Material supplied>
::::

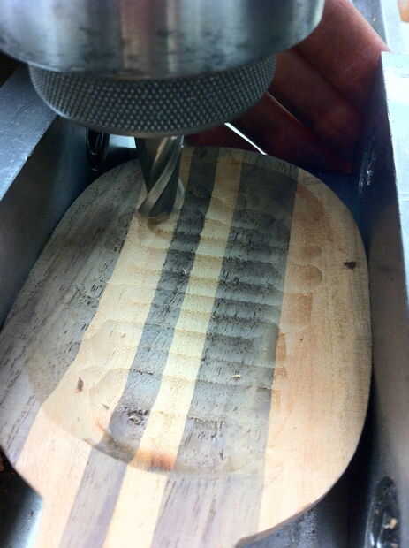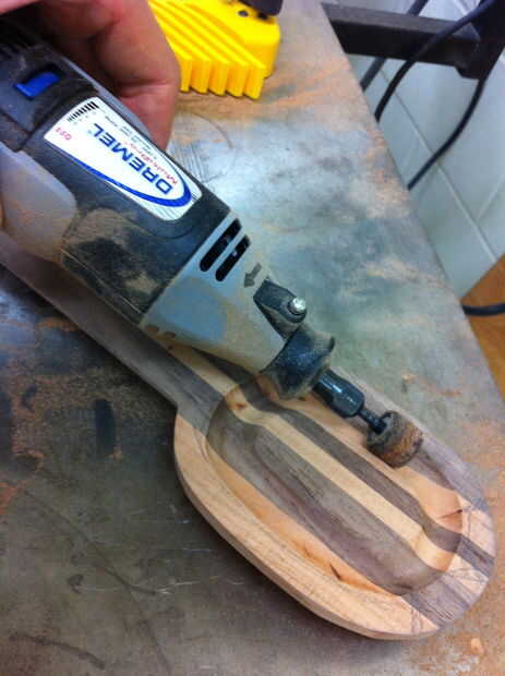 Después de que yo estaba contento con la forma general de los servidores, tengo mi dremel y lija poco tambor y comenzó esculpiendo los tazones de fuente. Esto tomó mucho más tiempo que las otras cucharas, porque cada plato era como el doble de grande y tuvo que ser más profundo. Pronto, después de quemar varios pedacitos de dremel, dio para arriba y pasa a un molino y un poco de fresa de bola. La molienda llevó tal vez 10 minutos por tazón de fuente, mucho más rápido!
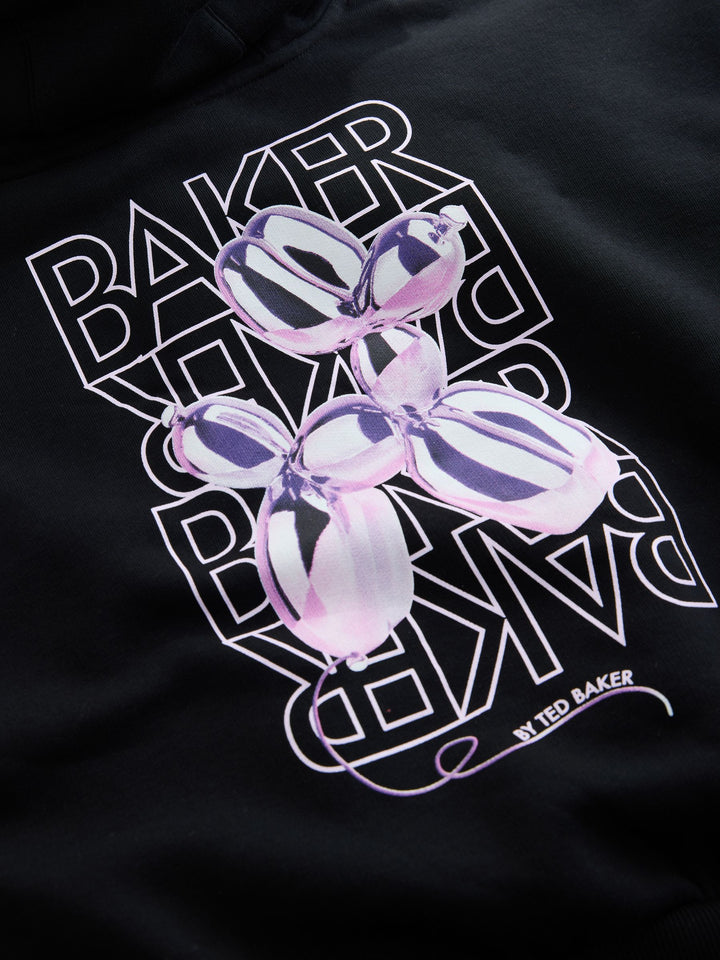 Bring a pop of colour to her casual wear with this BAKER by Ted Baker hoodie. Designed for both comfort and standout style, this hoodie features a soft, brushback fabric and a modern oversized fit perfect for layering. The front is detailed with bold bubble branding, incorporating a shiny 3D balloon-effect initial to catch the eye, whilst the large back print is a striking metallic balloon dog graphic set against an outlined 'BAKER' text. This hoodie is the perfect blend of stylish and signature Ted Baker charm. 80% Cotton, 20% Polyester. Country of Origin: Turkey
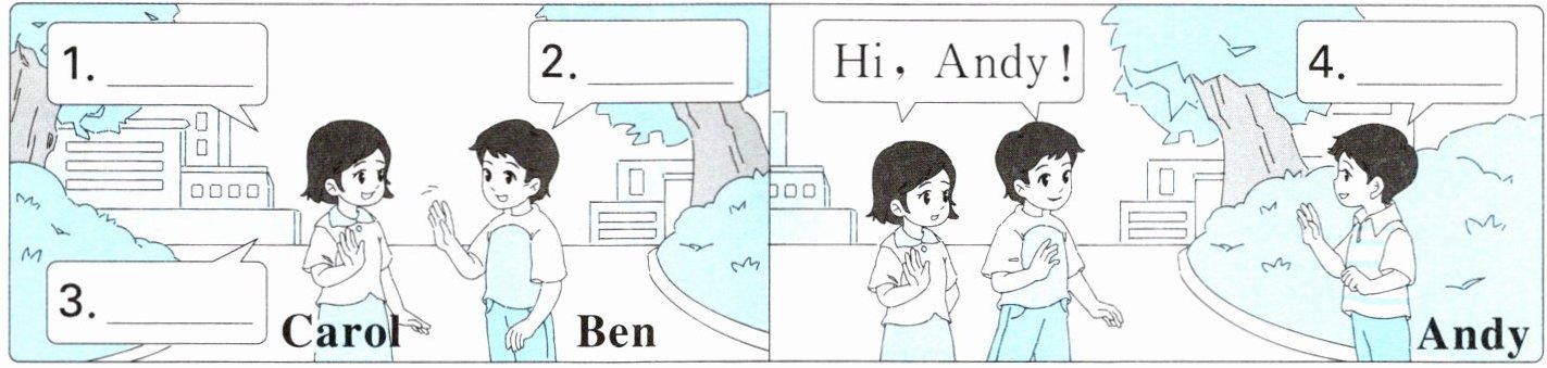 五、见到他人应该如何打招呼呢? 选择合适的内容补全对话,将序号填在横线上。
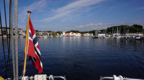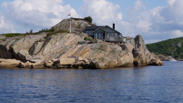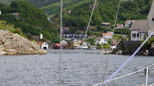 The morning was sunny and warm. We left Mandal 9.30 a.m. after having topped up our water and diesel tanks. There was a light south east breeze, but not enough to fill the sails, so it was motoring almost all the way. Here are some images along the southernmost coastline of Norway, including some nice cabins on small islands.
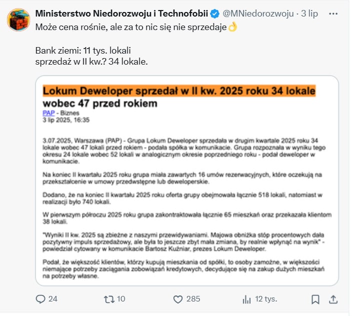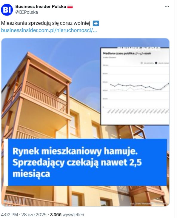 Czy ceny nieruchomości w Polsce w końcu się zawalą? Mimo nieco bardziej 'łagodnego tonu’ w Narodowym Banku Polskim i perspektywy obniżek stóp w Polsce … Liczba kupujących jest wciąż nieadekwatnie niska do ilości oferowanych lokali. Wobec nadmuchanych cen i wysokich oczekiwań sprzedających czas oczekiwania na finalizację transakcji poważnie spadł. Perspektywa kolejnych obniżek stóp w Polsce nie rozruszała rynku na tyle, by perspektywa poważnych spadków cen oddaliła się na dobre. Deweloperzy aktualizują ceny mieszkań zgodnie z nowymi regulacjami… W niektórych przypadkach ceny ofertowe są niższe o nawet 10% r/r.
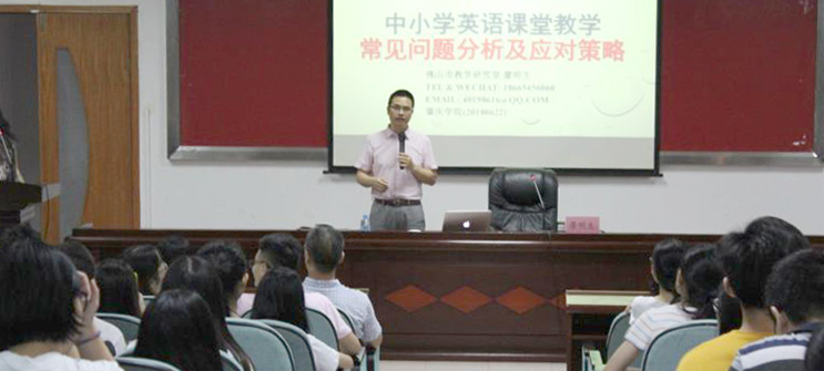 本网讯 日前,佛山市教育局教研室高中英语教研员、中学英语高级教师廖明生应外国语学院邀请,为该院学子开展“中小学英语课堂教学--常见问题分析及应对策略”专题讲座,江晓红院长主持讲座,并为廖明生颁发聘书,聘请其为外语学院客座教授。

::::

Exercise brief>
Your answer should consist solely of the lines from the line with "The morning was" to the final line of the listing, set down word for word, pictures omitted.

Exercise response>
 The morning was sunny and warm. We left Mandal 9.30 a.m. after having topped up our water and diesel tanks. There was a light south east breeze, but not enough to fill the sails, so it was motoring almost all the way. Here are some images along the southernmost coastline of Norway, including some nice cabins on small islands.
 Czy ceny nieruchomości w Polsce w końcu się zawalą? Mimo nieco bardziej 'łagodnego tonu’ w Narodowym Banku Polskim i perspektywy obniżek stóp w Polsce … Liczba kupujących jest wciąż nieadekwatnie niska do ilości oferowanych lokali. Wobec nadmuchanych cen i wysokich oczekiwań sprzedających czas oczekiwania na finalizację transakcji poważnie spadł. Perspektywa kolejnych obniżek stóp w Polsce nie rozruszała rynku na tyle, by perspektywa poważnych spadków cen oddaliła się na dobre. Deweloperzy aktualizują ceny mieszkań zgodnie z nowymi regulacjami… W niektórych przypadkach ceny ofertowe są niższe o nawet 10% r/r.
 本网讯 日前,佛山市教育局教研室高中英语教研员、中学英语高级教师廖明生应外国语学院邀请,为该院学子开展“中小学英语课堂教学--常见问题分析及应对策略”专题讲座,江晓红院长主持讲座,并为廖明生颁发聘书,聘请其为外语学院客座教授。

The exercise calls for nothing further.